» RECORDS SUPPLIED:
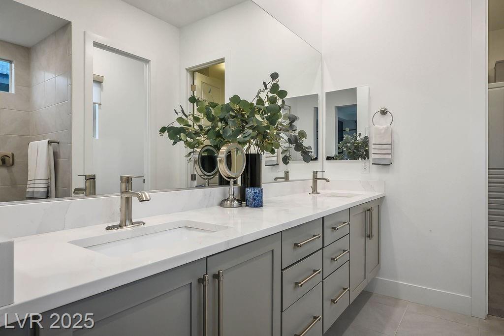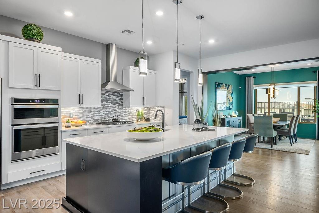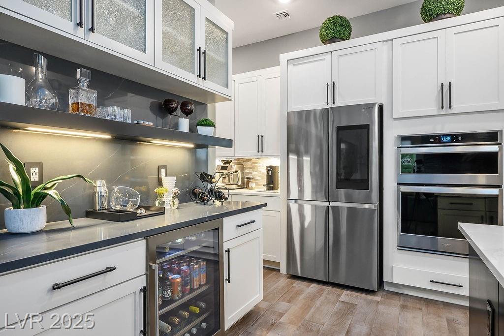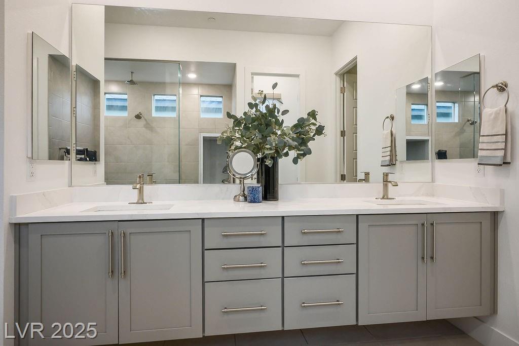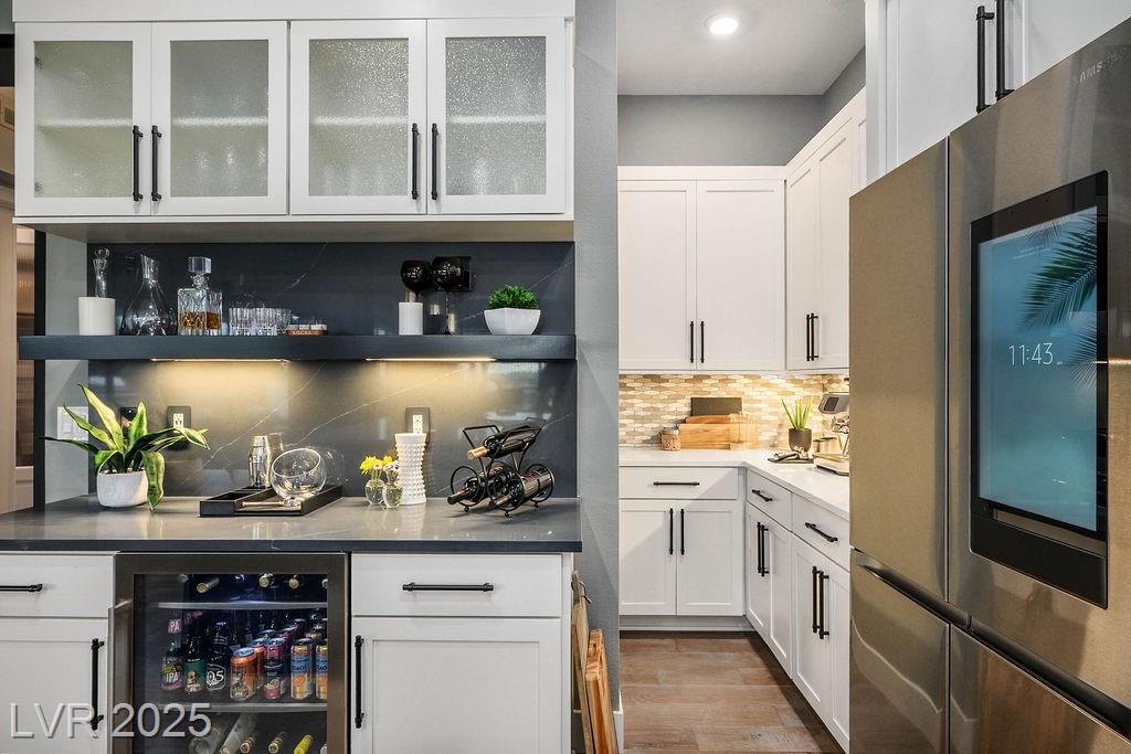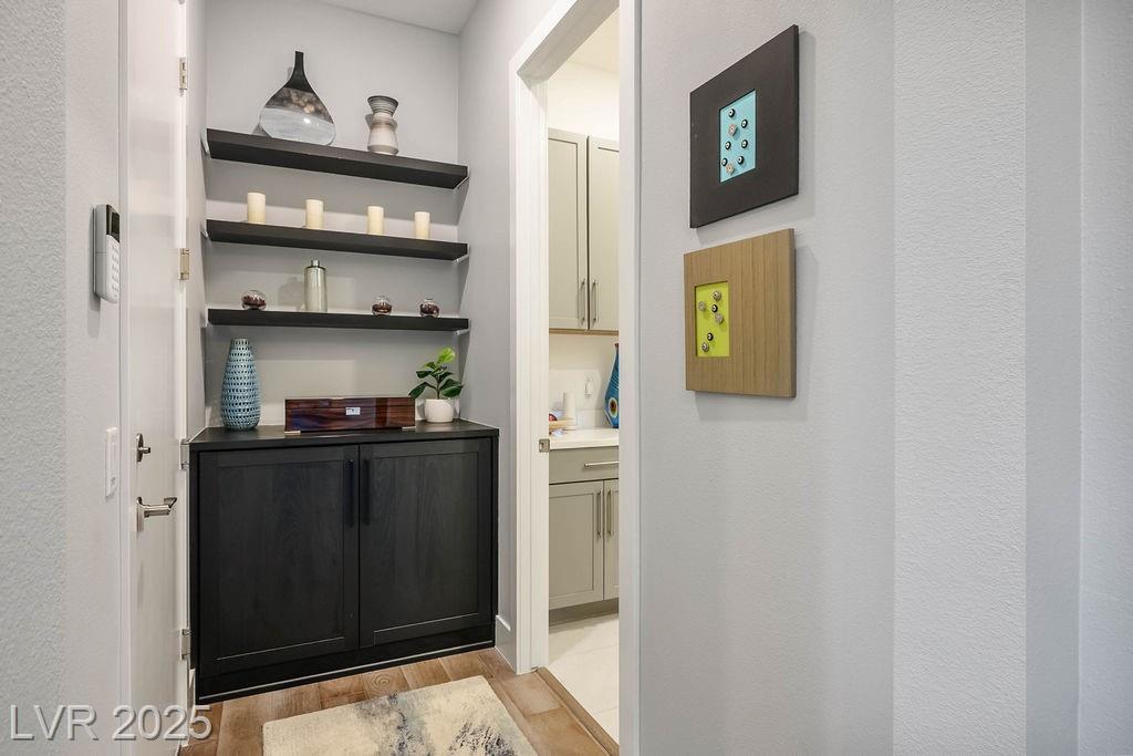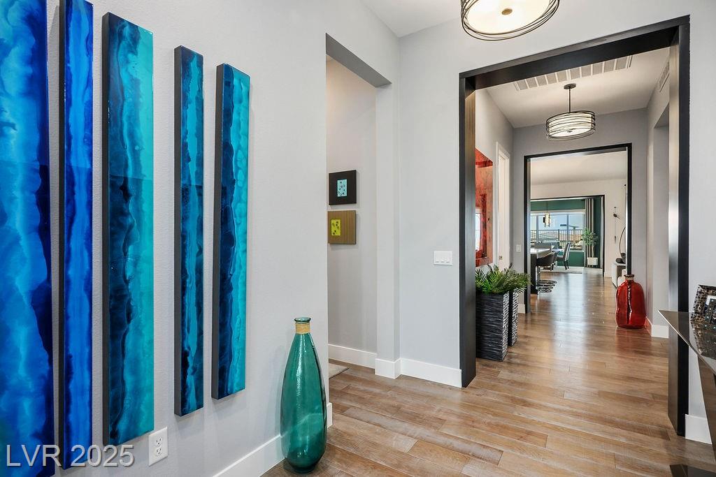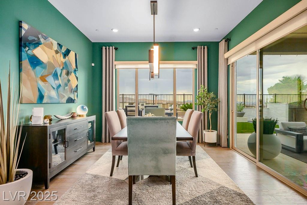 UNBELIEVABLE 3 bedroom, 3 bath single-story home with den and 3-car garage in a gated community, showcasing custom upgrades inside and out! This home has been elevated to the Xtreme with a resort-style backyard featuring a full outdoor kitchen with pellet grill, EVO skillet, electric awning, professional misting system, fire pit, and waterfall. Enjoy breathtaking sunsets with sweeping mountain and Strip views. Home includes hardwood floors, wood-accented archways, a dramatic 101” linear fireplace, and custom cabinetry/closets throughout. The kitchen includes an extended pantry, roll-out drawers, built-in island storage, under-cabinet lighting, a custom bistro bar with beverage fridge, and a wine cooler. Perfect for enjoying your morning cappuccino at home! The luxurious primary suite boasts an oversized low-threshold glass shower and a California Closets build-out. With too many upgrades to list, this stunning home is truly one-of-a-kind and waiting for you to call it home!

==

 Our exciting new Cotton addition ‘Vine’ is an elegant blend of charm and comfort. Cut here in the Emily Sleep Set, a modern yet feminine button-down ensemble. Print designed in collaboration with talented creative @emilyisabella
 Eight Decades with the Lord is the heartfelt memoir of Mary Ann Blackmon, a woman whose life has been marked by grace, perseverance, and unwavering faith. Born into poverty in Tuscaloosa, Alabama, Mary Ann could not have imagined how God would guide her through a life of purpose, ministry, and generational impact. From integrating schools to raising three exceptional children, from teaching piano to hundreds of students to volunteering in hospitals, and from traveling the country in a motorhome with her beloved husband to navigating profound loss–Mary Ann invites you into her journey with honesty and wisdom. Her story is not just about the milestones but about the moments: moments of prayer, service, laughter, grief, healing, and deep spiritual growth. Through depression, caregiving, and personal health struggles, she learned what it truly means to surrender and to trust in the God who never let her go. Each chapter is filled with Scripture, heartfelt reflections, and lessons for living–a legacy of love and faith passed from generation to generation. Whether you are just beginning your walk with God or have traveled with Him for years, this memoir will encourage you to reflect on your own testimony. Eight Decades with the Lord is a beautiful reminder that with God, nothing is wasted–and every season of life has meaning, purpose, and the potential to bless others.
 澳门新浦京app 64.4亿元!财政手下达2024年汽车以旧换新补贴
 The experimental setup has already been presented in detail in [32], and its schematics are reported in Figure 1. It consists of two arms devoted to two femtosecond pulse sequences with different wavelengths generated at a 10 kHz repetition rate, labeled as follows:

==

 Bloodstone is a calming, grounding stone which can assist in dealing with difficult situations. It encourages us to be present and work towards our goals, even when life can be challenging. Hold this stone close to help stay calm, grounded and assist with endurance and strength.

» ABOUT THIS TASK: In the listing above, locate the line containing "Our exciting new" and the line containing "The experimental setup". Transcribe those two lines and everything between them, exactly as written.

» EXPECTED OUTPUT:
 Our exciting new Cotton addition ‘Vine’ is an elegant blend of charm and comfort. Cut here in the Emily Sleep Set, a modern yet feminine button-down ensemble. Print designed in collaboration with talented creative @emilyisabella
 Eight Decades with the Lord is the heartfelt memoir of Mary Ann Blackmon, a woman whose life has been marked by grace, perseverance, and unwavering faith. Born into poverty in Tuscaloosa, Alabama, Mary Ann could not have imagined how God would guide her through a life of purpose, ministry, and generational impact. From integrating schools to raising three exceptional children, from teaching piano to hundreds of students to volunteering in hospitals, and from traveling the country in a motorhome with her beloved husband to navigating profound loss–Mary Ann invites you into her journey with honesty and wisdom. Her story is not just about the milestones but about the moments: moments of prayer, service, laughter, grief, healing, and deep spiritual growth. Through depression, caregiving, and personal health struggles, she learned what it truly means to surrender and to trust in the God who never let her go. Each chapter is filled with Scripture, heartfelt reflections, and lessons for living–a legacy of love and faith passed from generation to generation. Whether you are just beginning your walk with God or have traveled with Him for years, this memoir will encourage you to reflect on your own testimony. Eight Decades with the Lord is a beautiful reminder that with God, nothing is wasted–and every season of life has meaning, purpose, and the potential to bless others.
 澳门新浦京app 64.4亿元!财政手下达2024年汽车以旧换新补贴
 The experimental setup has already been presented in detail in [32], and its schematics are reported in Figure 1. It consists of two arms devoted to two femtosecond pulse sequences with different wavelengths generated at a 10 kHz repetition rate, labeled as follows:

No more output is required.